Problem to work on: Pictures aside, every line of the listing should be given again exactly.

Given data:
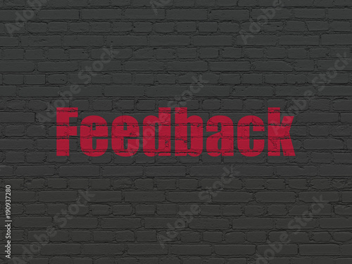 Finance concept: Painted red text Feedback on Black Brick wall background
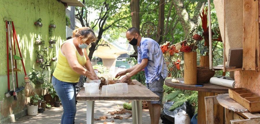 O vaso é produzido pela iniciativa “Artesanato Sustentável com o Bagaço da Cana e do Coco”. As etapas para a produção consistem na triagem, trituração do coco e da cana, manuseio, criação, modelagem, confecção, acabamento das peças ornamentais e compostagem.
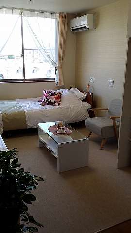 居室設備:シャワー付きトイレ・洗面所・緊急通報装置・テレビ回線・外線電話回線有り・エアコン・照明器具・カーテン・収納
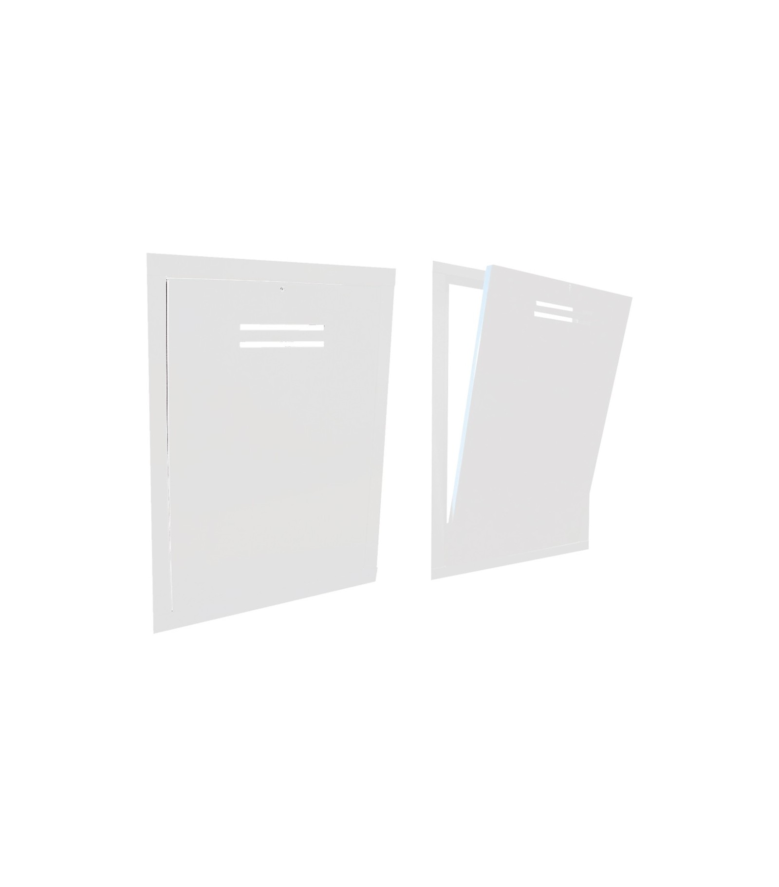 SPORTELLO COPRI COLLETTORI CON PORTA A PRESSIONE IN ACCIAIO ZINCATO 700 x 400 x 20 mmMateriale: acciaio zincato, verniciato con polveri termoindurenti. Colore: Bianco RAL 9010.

Answer space:
 Finance concept: Painted red text Feedback on Black Brick wall background
 O vaso é produzido pela iniciativa “Artesanato Sustentável com o Bagaço da Cana e do Coco”. As etapas para a produção consistem na triagem, trituração do coco e da cana, manuseio, criação, modelagem, confecção, acabamento das peças ornamentais e compostagem.
 居室設備:シャワー付きトイレ・洗面所・緊急通報装置・テレビ回線・外線電話回線有り・エアコン・照明器具・カーテン・収納
 SPORTELLO COPRI COLLETTORI CON PORTA A PRESSIONE IN ACCIAIO ZINCATO 700 x 400 x 20 mmMateriale: acciaio zincato, verniciato con polveri termoindurenti. Colore: Bianco RAL 9010.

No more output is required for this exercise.